The task. Search term "scorecard": please show all lines in the listing that contain it.

Given data.
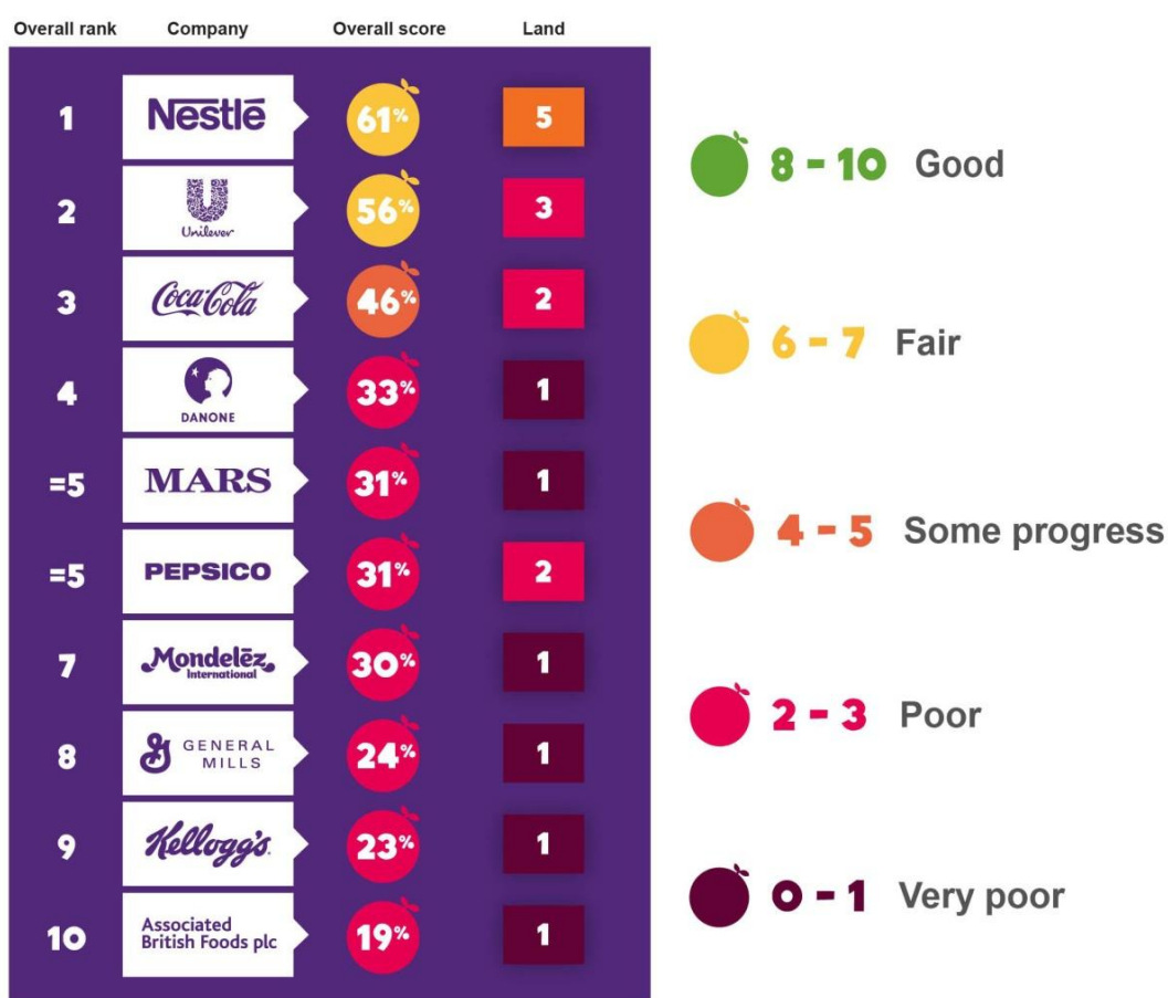
Figure 3: Behind the Brands scorecard results for land, 2013

This scorecard was produced in August 2013. To see the complete scorecard, go to http://oxfam.org/behindthebrands
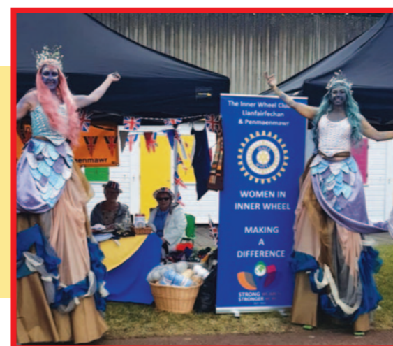
Llanfairfechan & Penmaenmawr
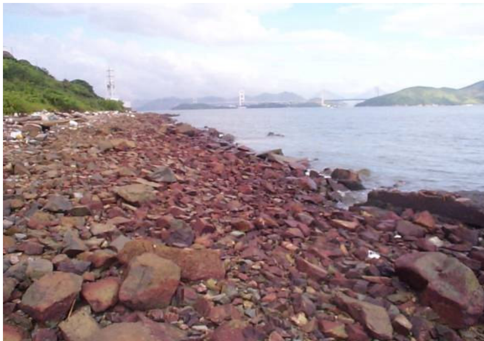
Natural Boulder Shore
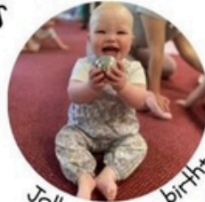
Jolly Babies - birth*
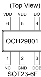
Figure 1, Pin Assignments Of OCH29801

Solution to the exercise.
Figure 3: Behind the Brands scorecard results for land, 2013
This scorecard was produced in August 2013. To see the complete scorecard, go to http://oxfam.org/behindthebrands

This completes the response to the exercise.